El amargo reencuentro que arruinó mi lujosa fiesta de cumpleaños frente a todos
Anteriormente: Valeria celebraba sus veintiocho años por todo lo alto cuando una joven camarera arruinó su vestido. Lo que parecía un torpe accidente desenterró el secreto más doloroso de su familia.
El secreto guardado bajo llave
El pánico se apoderó de Edita, quien de inmediato intentó recuperar el control de la situación. Con voz temblorosa pero autoritaria, ordenó a la seguridad del hotel que expulsara a Lydia del recinto, acusándola de ser una impostora que buscaba extorsionar a la familia. Sin embargo, Valeria, impulsada por un presentimiento que le oprimía el pecho, detuvo a los guardias con un gesto firme. Necesitaba saber qué ocultaba aquella misteriosa caja rosa.
Al abrir el pequeño cofre, Valeria encontró un papel amarillento y un gastado medallón de plata. El documento era un certificado de nacimiento original de un hospital público, fechado hacía dieciocho años. En él figuraba el nombre de Edita De la Vega como madre biológica. Valeria miró a su madre, exigiendo una explicación con los ojos llenos de lágrimas de incredulidad.

¿Es esto cierto, mamá? ¿Tengo una hermana a la que abandonaste?
Sintiéndose acorralada ante la mirada expectante de toda la alta sociedad de Madrid, Edita arrastró a Valeria y a Lydia a un rincón apartado del salón. Allí, lejos de desmentir la acusación, Edita mostró su verdadera naturaleza. Abrió su bolso y sacó un fajo de billetes de alta denominación, ofreciéndoselos a Lydia con evidente desprecio.
Toma esto y vete de nuestras vidas. No permitiré que una camarera arruine el prestigio que tanto me ha costado construir.

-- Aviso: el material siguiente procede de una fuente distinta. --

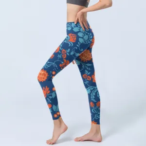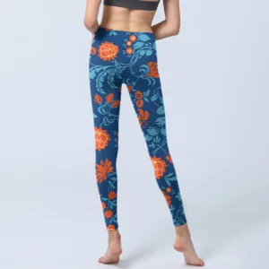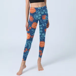 - Design Inspiration: The leggings feature a beautiful floral pattern with vibrant orange and blue flowers. including large blossoms resembling tulips and smaller decorative flowers. The intricate design flows across the fabric. creating a bold yet graceful look. This eye-catching print combines modern style with a touch of nature. making the leggings perfect for both active wear and casual outfits.

Te daré más si prometes no volver jamás.
Lydia miró el dinero con absoluto desprecio, dejando que los billetes cayeran al suelo. Explicó que nunca había querido su dinero; solo quería que Valeria supiera la verdad. Lydia había sido abandonada en un hospicio porque nació con una afección cardíaca que requería costosos cuidados, algo que Edita consideró un estorbo para su perfecta vida social.
”Lydia había sido abandonada en un hospicio porque nació con una afección cardíaca que requería costosos cuidados, algo que Edita consider…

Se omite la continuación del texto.